Start of Extracted material

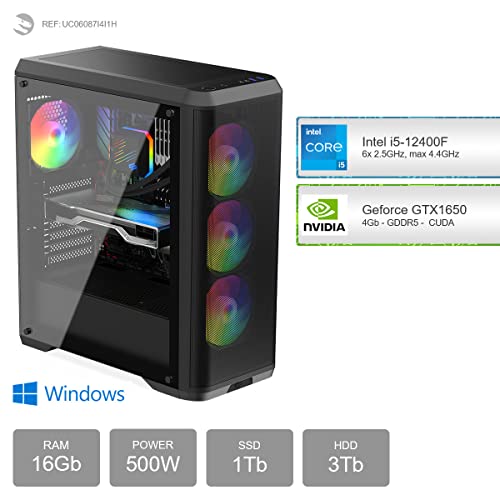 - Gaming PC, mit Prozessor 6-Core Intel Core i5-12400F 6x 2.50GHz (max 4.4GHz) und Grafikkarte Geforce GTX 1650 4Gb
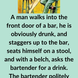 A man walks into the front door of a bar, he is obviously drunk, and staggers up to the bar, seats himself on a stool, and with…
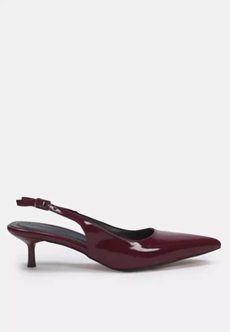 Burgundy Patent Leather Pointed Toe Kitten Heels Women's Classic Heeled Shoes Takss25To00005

End of Extracted material
Start of Extracted material

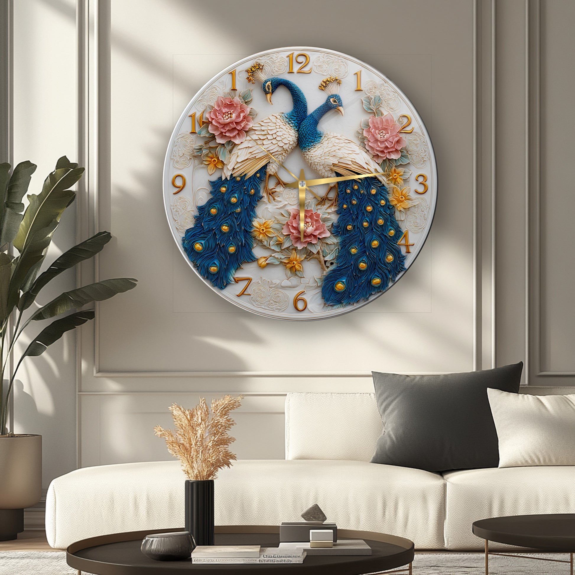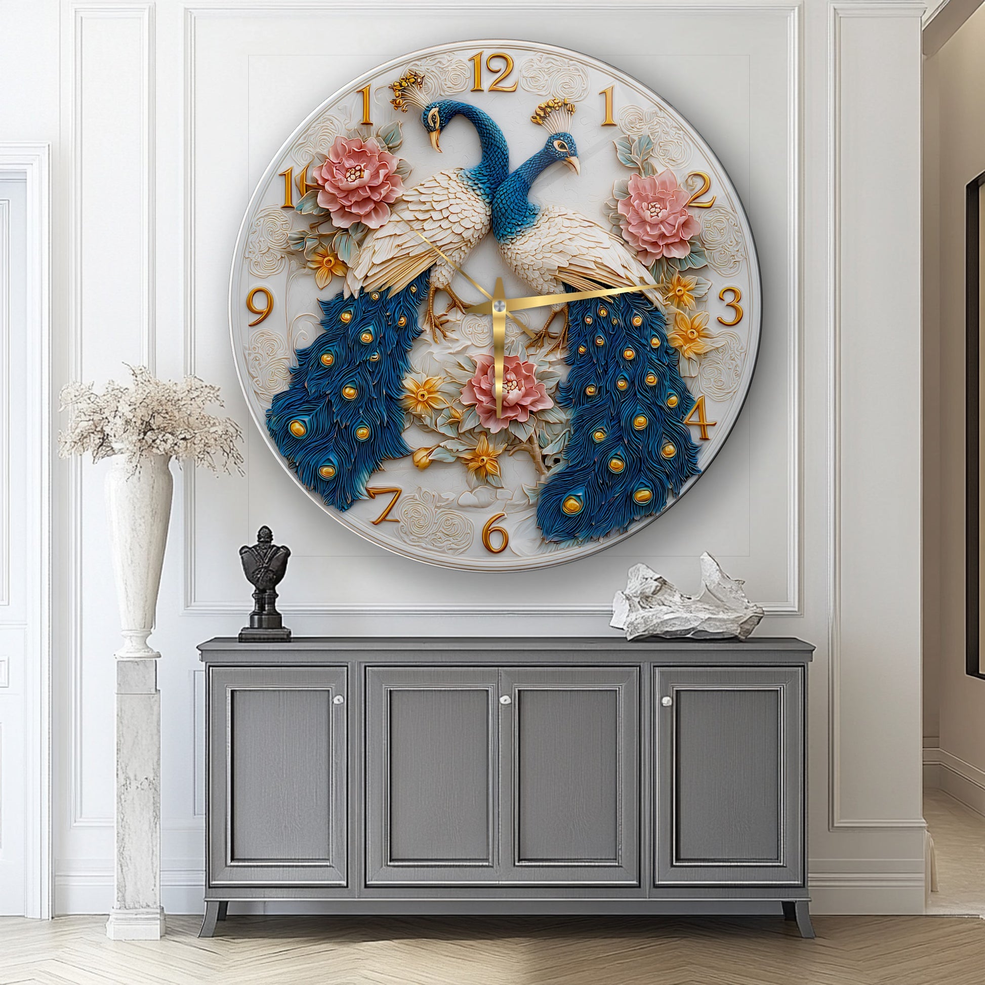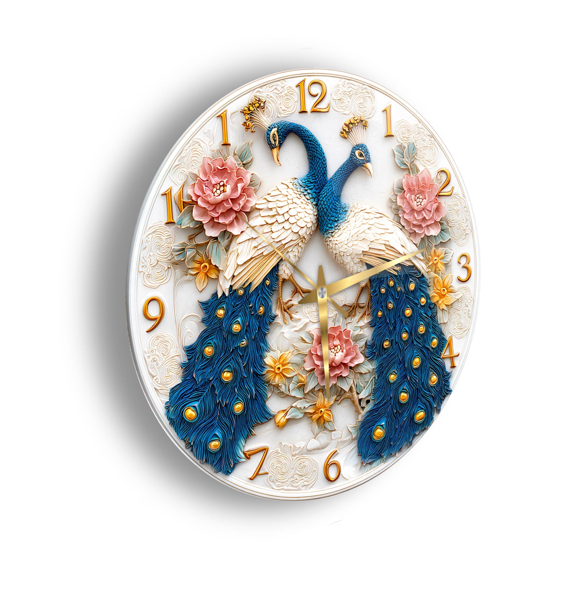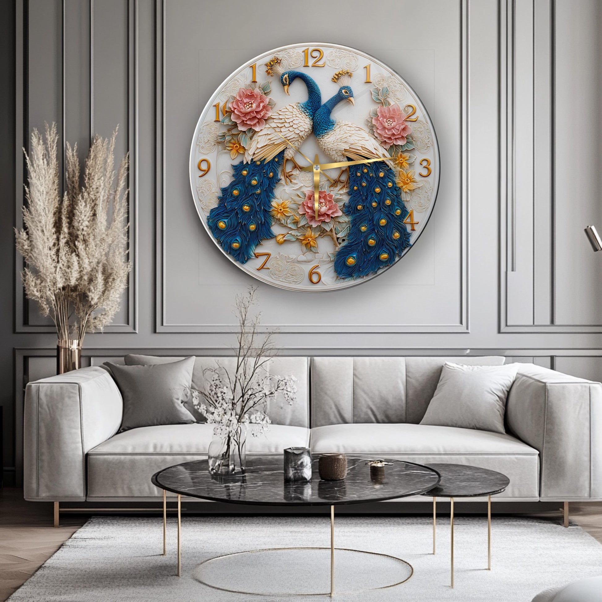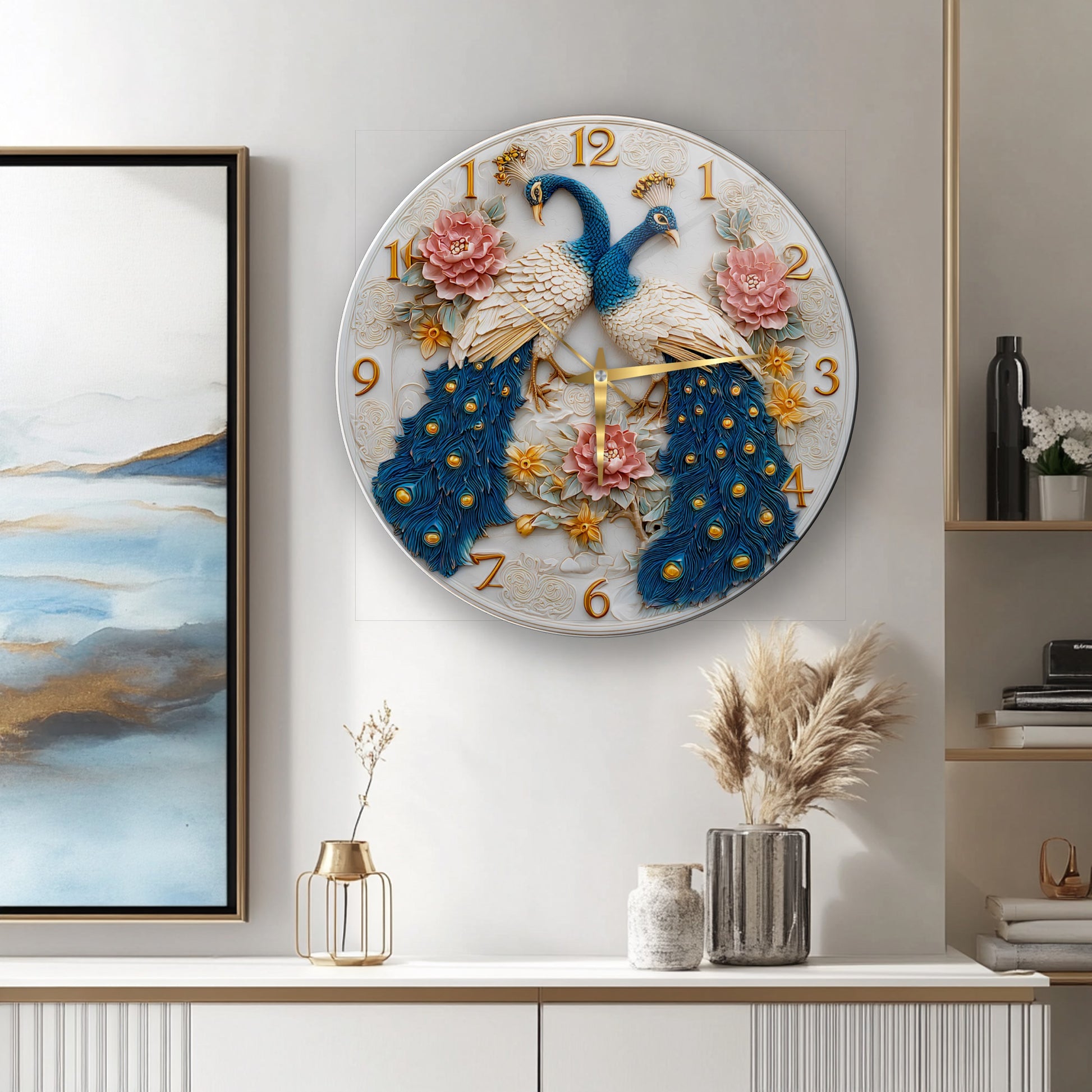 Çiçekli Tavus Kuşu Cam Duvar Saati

End of Extracted material
Start of Extracted material

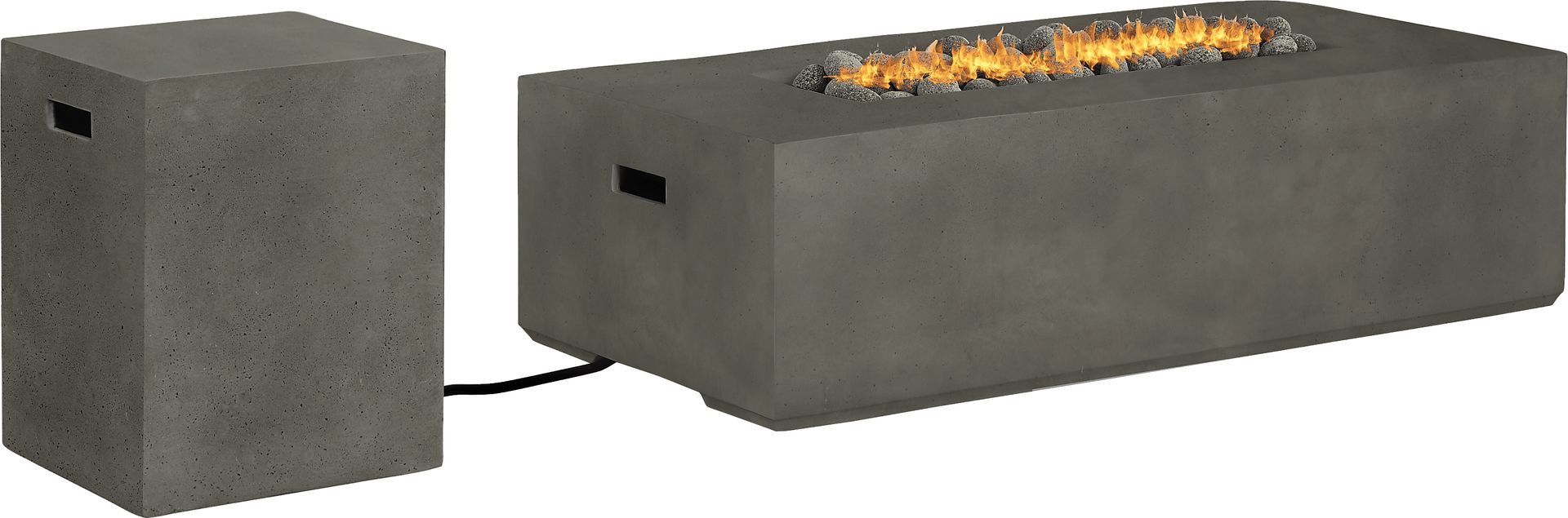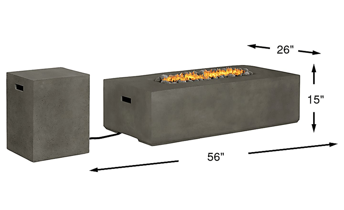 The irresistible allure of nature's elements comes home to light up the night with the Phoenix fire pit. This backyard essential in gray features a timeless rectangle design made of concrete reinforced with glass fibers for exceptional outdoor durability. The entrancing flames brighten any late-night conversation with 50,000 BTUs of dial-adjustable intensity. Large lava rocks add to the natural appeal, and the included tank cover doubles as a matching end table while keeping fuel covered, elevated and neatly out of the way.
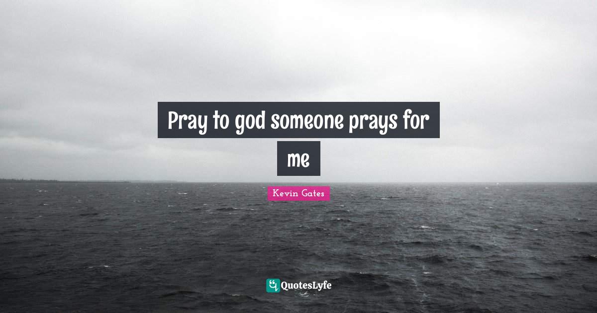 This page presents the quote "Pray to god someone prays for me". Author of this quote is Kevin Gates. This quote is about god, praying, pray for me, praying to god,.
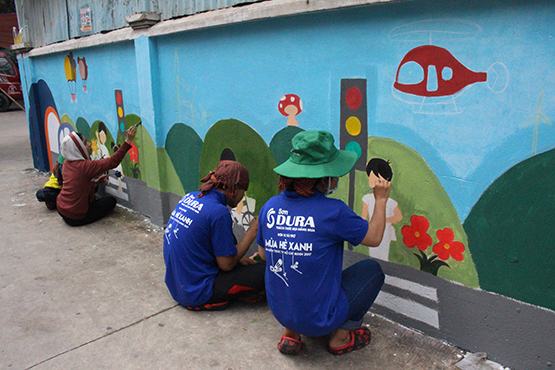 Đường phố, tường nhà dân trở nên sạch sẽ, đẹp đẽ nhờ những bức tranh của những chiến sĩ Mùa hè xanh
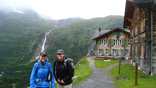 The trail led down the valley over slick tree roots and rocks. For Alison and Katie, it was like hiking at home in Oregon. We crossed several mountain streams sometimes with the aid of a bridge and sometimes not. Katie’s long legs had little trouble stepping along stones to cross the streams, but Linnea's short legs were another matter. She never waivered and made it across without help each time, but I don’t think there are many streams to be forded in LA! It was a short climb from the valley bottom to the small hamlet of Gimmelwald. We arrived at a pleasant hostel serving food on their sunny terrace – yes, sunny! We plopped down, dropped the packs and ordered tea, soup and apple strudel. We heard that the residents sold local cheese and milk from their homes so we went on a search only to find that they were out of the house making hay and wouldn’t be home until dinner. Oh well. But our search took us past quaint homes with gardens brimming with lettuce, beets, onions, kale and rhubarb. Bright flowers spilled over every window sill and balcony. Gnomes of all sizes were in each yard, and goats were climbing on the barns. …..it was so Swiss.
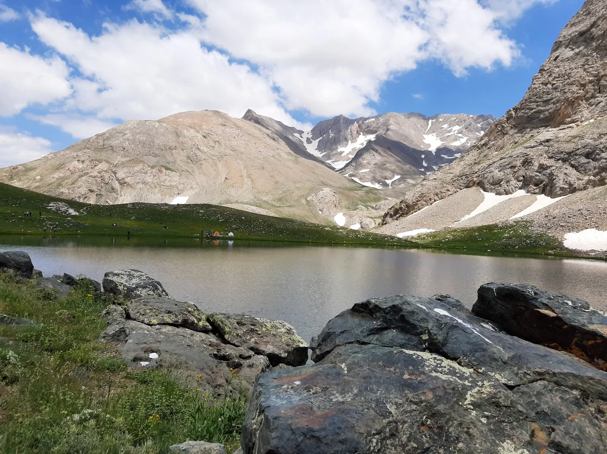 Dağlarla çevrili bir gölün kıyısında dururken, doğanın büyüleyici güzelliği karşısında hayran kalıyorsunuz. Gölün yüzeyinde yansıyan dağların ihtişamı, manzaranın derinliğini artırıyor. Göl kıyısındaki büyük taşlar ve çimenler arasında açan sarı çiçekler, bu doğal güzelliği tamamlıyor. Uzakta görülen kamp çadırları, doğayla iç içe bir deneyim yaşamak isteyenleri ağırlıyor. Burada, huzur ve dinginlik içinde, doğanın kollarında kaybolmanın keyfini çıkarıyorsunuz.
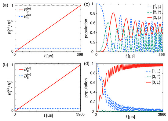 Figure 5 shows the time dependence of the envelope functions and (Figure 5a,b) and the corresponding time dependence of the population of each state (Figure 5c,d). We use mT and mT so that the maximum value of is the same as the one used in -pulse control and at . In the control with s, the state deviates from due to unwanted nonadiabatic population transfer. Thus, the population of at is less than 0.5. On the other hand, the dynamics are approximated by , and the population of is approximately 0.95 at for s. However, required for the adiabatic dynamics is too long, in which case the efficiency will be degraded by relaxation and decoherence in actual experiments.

End of Extracted material

# [Brief]
Take the lines above starting at the one containing "- Gaming PC, mit" and ending at the one containing "Burgundy Patent Leather", and print them again exactly, without pictures.

# [Written response]
 - Gaming PC, mit Prozessor 6-Core Intel Core i5-12400F 6x 2.50GHz (max 4.4GHz) und Grafikkarte Geforce GTX 1650 4Gb
 A man walks into the front door of a bar, he is obviously drunk, and staggers up to the bar, seats himself on a stool, and with…
 Burgundy Patent Leather Pointed Toe Kitten Heels Women's Classic Heeled Shoes Takss25To00005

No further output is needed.